Sometimes parents are told to “back off” eating disorder treatment so a child can choose to recover. I’ll tell you why this all-too-common advice is terrible, and what you can do instead.

The letter

Dear Ginny,

Our 16-year-old son has an eating disorder. He has been seeing a therapist for anxiety and participating in an eating disorder group. The group was recommended by and is covered by our insurance. There are not currently any medical complications, and he is not considered underweight or at risk. Despite this, we see the eating disorder getting stronger and more intense. 

The group seems more dangerous than helpful. He is with much sicker people and is being exposed to a lot of ideas. I don’t have any faith in the group as an effective treatment for him.

We want to get more aggressive about the eating disorder. But his anxiety therapist says that we should back off and let him choose recovery for himself. What do you think about this? Is the therapist correct that we should just wait for him to want to recover? Or is there something we can be doing to avoid a slide into a much worse disorder?

Signed, Anh

My response

Hi Anh, I’m so sorry to hear this, and I’m glad you reached out. Unfortunately, many parents are told to back off eating disorder treatment, and it’s not good advice at all. Let’s go through some of the different points in your letter. 

You recognize your son has a serious eating disorder, but the system of care is not responding assertively. This is something that happens, unfortunately. If a person is medically underweight, their eating disorder is treated aggressively. But otherwise, there can be an element of “wait and see” or even “it’s not that bad.” 

But eating disorders are mental disorders. Their symptoms are mental and psychological in nature. That means we’re looking for symptoms like preoccupation, obsession, and compulsive behaviors with food and the body. 

⭐ Get ready for recovery and find out how you can prepare yourself for maximum success.

⭐ Find out the essential steps and family rules you need to have in place for recovery.

⭐ Make your home recovery-ready with six simple steps that anyone can do.

The eating disorder diagnosis

Anorexia is the only mental disorder that has a weight limit. And many of us in the eating disorder advocacy field are desperate to see that change. Because it sets up an unfortunate hierarchy of disorders and puts people who have severe, dangerous eating disorders at risk. Just because they are not underweight according to BMI standards does not mean they don’t have an eating disorder. 

There is no weight limit for schizophrenia, autism, bipolar disorder, or anxiety. Professionals observe the behaviors and impact of the disorder and treat it accordingly. 

Anorexia has a weight limit, so sometimes professionals don’t understand eating disorder symptoms that are not accompanied by low BMI. It should be said that BMI is a crude and completely inaccurate measure of physical health, let alone mental health.
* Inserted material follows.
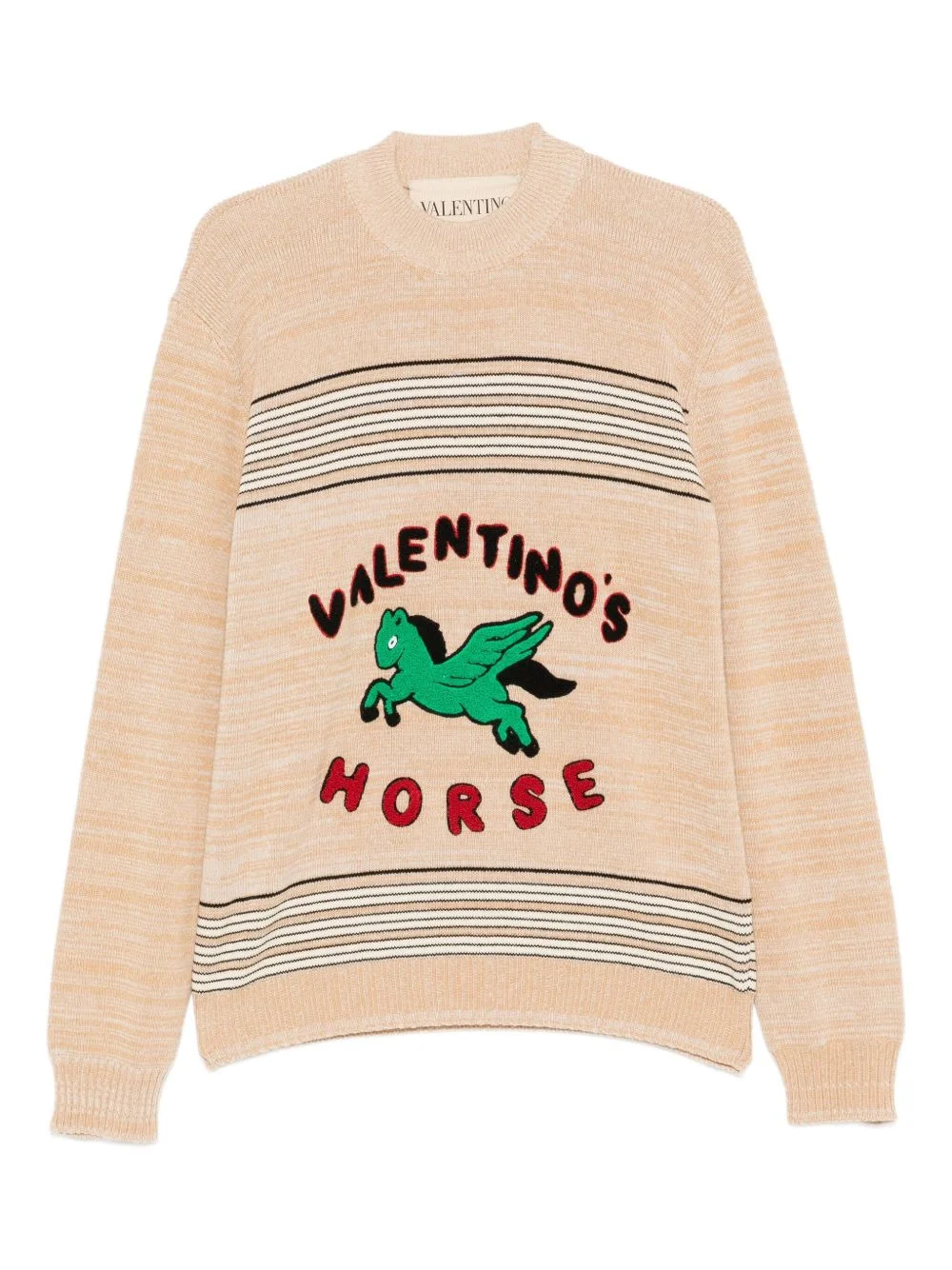pegasus-embroidered striped sweater Highlights - Beige - Embroidered pegasus - Horizontal stripes - Crew neck - Long sleeves - Ribbed cuffs Made in Italy Composition Virgin Wool 52%, Cotton 48% SIZE & FIT Model measurements Height 6 ft 1 in(1.85 m) Bust/Chest 35.82 in(91 cm) Hips 37.79 in(96 cm) Waist 29.13 in(74 cm) Washing instructions Dry Clean Only

Sometimes it almost feels as if you have to prove you really have an eating disorder by achieving a weight loss goal. This is absurd.

Is group therapy helpful?

So what I’m saying is that you’re right to be concerned about your son. You can see that his behaviors and beliefs are disordered. And you’re not seeing the sort of low BMI that would bump up his level of care. But you know he has a disorder and would like to treat it.

Your observations of the challenges with group therapy are also valid. Eating disorders span a huge range of symptoms and presentations.
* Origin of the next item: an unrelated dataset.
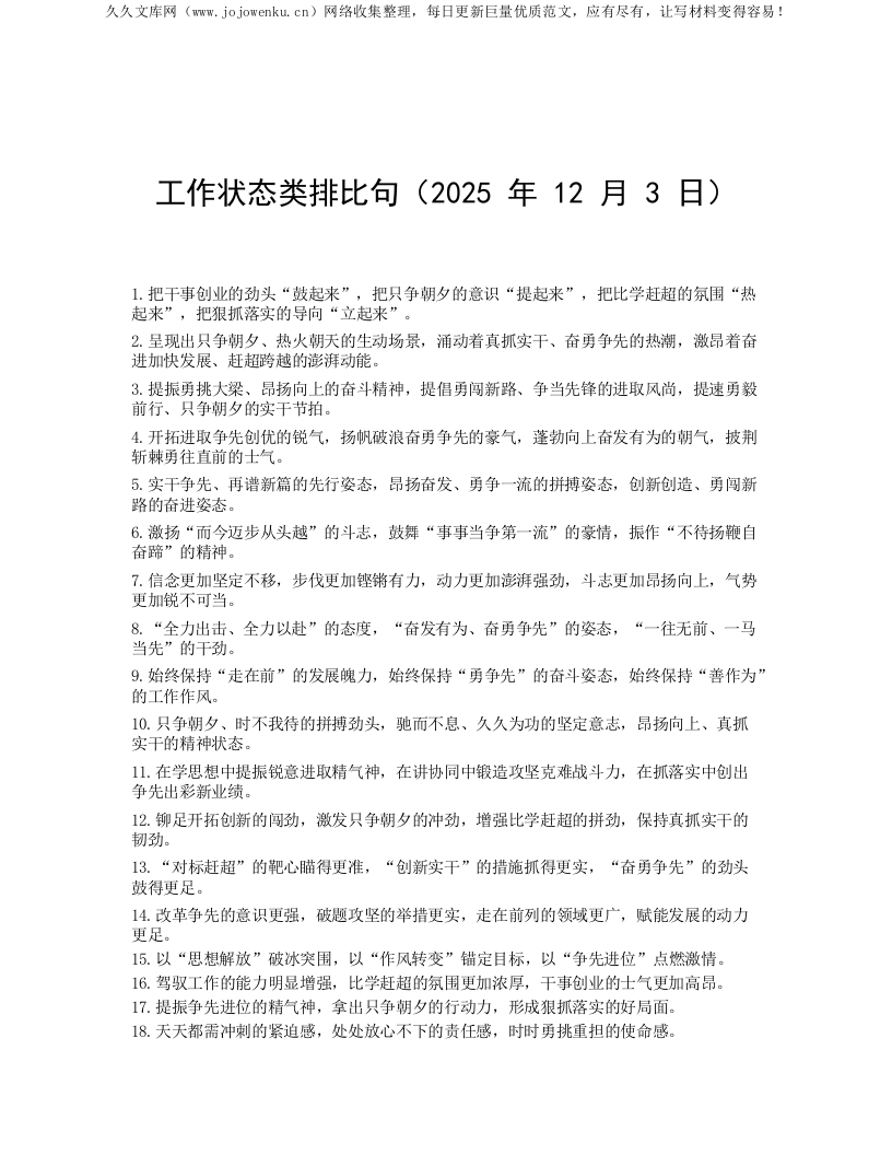工作状态类排比句(2025年12月3日)

Arbitrarily putting anyone with any eating disorder into a group is like putting together a bunch of people who like the color orange and expecting them to all be the same. It doesn’t make a lot of sense. Group therapy can be very helpful, but it should be carefully constructed and very carefully managed. 

Good therapists pick and choose individuals for their groups. They don’t just put people together at different stages and types of a disorder and expect that to be helpful. 

If your son was seeing a certified eating disorder therapist who suggested a group based on your son’s individual presentation that would be different. But what I’m hearing is that this was put together by your insurance company, so it makes sense that you are concerned.

Should parents back off?

Next up, the anxiety therapist’s advice that you take a “wait and see” approach to this eating disorder could be harmful given what we know about eating disorders. It sounds as if the therapist does not have any modern training on eating disorders and is not aware of the symptomatology and treatment.

The most effective treatments work with parents since parents are almost always directly involved in anxiety and eating disorders. It’s not that parents cause anxiety and eating disorders, but their behavior makes a huge difference in recovery.

An anxiety therapist who tells parents to back off concerns me, because I’m worried that they don’t recognize the interpersonal nature of anxiety, and this therapist definitely doesn’t recognize how eating disorders interact with family dynamics. 

The fact is that anxiety disorders and eating disorders are heavily influenced by parents and loved ones. There are even treatments for childhood anxiety that treat only the parents, not the child. These treatments are as effective as, even more effective than directly treating the child. 

But even if a therapist is treating the child directly for anxiety, they should be educating the parents about the process and teaching them skills to avoid accommodating the anxiety. The same is true for eating disorders, and this is a major issue with the treatment available today. Parents are left out, sometimes even told to back off like you were. 

Trust your gut

You sense there is something wrong. You want to help, and yet because the system can’t figure out how to effectively treat parents when there’s anxiety and an eating disorder, you’re told to back off. I’m sorry about that.

There does come a point at which your son will become responsible for choosing his own recovery. But right now there are things you can do to support recovery, even if he’s not choosing it for himself. 

The first thing I would do is insist upon a certified eating disorder therapist and dietitian to treat your son. Your son may not qualify for residential or partial inpatient treatment, but he should at least have access to professionals who work with him individually and know how eating disorders work. 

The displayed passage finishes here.